Che non fosse un’impresa semplice lo si intuiva sin dal giorno della sua definitiva approvazione da parte del Parlamento Europeo nel 2016. Poi c’è stato il 25 maggio 2018 e siamo arrivati a oggi. Il Regolamento europeo sulla protezione dei dati personali è in vigore da più di un anno e mezzo, ma quali sono i risultati?
Composto da 99 articoli, 11 capi e 173 considerando, a cui possiamo aggiungere che alcune norme si prestano a interpretazioni, il timore delle sanzioni e la necessità di adeguare le singole legislazioni alla normativa europea alimentano i dubbi, ne risulta che i punti oscuri non mancano e l’applicazione ne risente.
Se alcune aziende, infatti, si sono rese conformi al nuovo regolamento in tempi brevi, molte altre ci stanno ancora lavorando, ma la buona notizia è che l’allerta sul tema data security resta massima. Il primo effetto ottenuto è chiaro: il trattamento dei dati personali non si limita alla sola privacy e il lavoro da fare è tanto.
Il commento di Giuliano Tonolli, direttore commerciale e amministratore di Personal Data:
“A distanza di un anno dall’entrata in vigore del Regolamento, molte aziende stanno ancora revisionando le proprie policy di conformità e implementando i relativi processi.
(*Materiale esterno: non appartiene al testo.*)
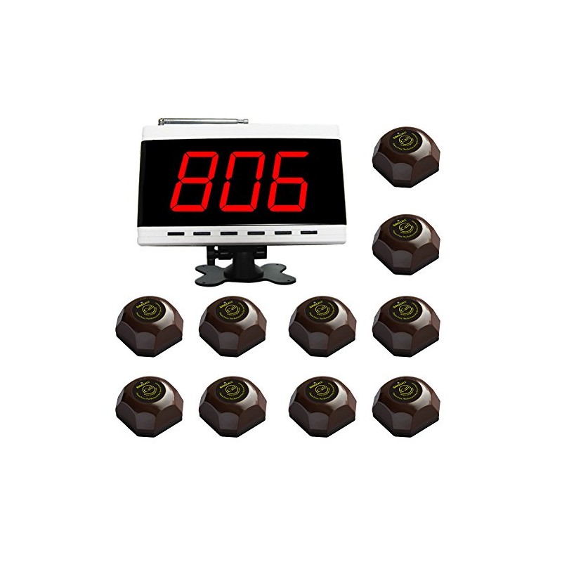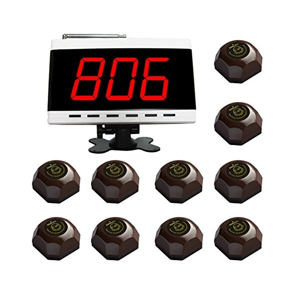 SINGCALL Wireless Calling System, Patient Calling System, Wireless Table Call System, for Hospital Restaurant Pack of 1 Display and 10 Table Bells

La posta in gioco è importante ed è arrivato il momento di riprendere il controllo sui dati, e ritrovare la visibilità anche sui dati non strutturati.Noi ci affidiamo a una metodologia, targata Varonis, in grado di dare visibilità completa su tutti i dati, fondamentali, utili, inutili o non necessari, aiutando i nostri clienti a utilizzare al meglio l’enorme volume di informazioni che hanno a disposizione, migliorando la produttività e riducendo rischi e costi.”